The cationization of cotton is an electrokinetic process for surface-charging cotton with negative ions. Cationization alters the characterization of the surface of the cotton, which allows salt-free dyeing and improves the dyeability of cotton. The process involves the chemical reaction of cationic reactive agents with cellulose.

== Methods of cationization ==
Cationization involves the modification of cellulosic macromolecules that have positively charged sites, by using a chemical reaction with cationic reagents; for example, with a quaternary ammonium cation or using (3-chloro-2-hydroxylpropyl) trimethyl-ammonium chloride (CHPTAC).

== Advantages ==

Cotton possesses a negative surface charge, while reactive and direct dyes also carry a negative charge. The like charges repel each other, and the addition of salt aids in dyeing by generating a positive charge on the cotton surface. The industry has predominantly used reactive dyes to color knitted cotton goods. The treatment of salt-laden, colored effluent generated by the dyeing process is one of the industry's primary concerns. Cotton cationization is one of the most effective solutions to the aforementioned problem.

Cationization of cotton enables salt-free dyeing and enhances the dyeability of the substrate with anionic dyes such as reactive dyes and direct dyes.
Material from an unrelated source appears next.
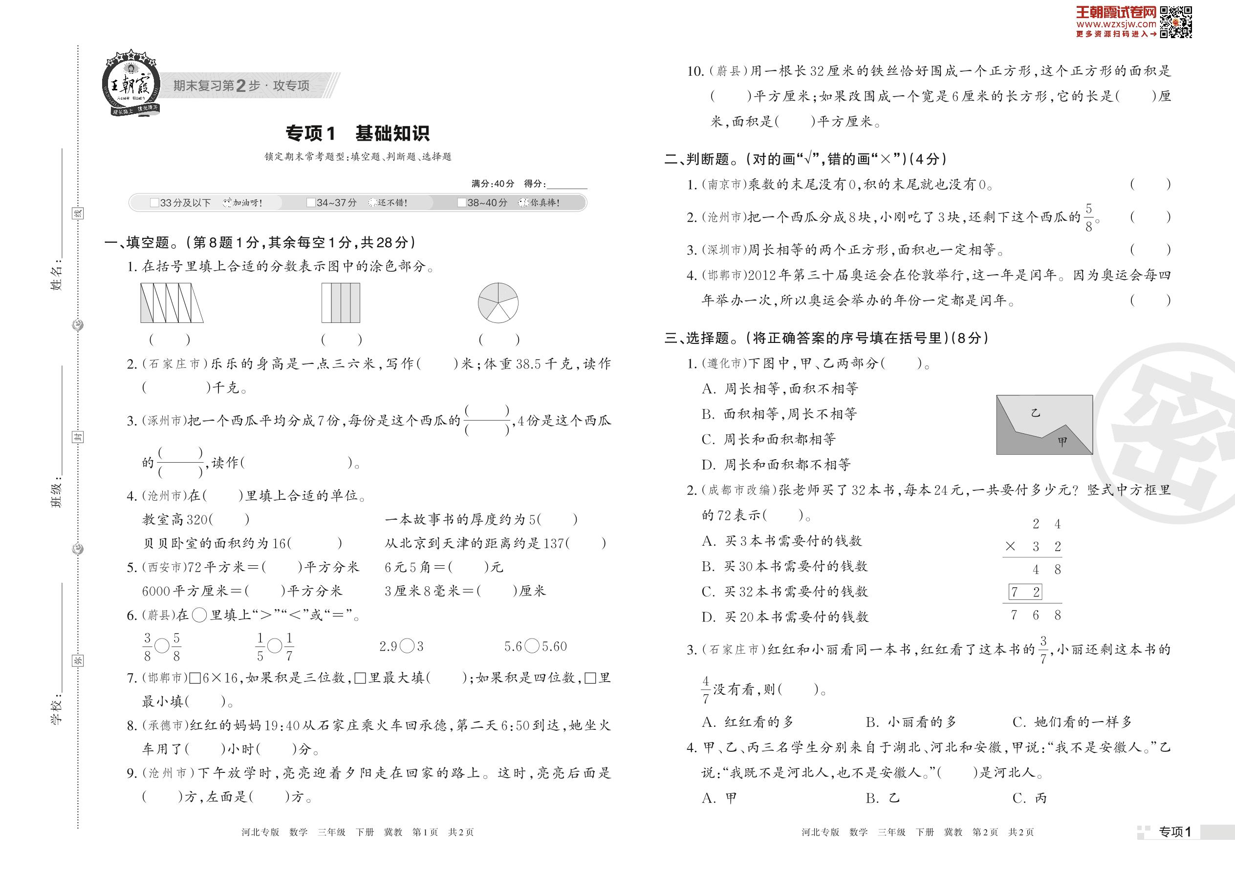 王朝霞期末专项卷——基础知识三年级下册数学(冀教版)_R230419150136607【1】

Water and salt consumption are one of the major problems in dyeing, especially of cotton, which leads to substantial environmental impact with extra time and cost. Secondly, washing off the residual salt is also important for washing-fastness properties, which needs more washing baths. Cationization of cotton reduces the effluent, TDS load, and water consumption in comparison to the conventional dyeing processes.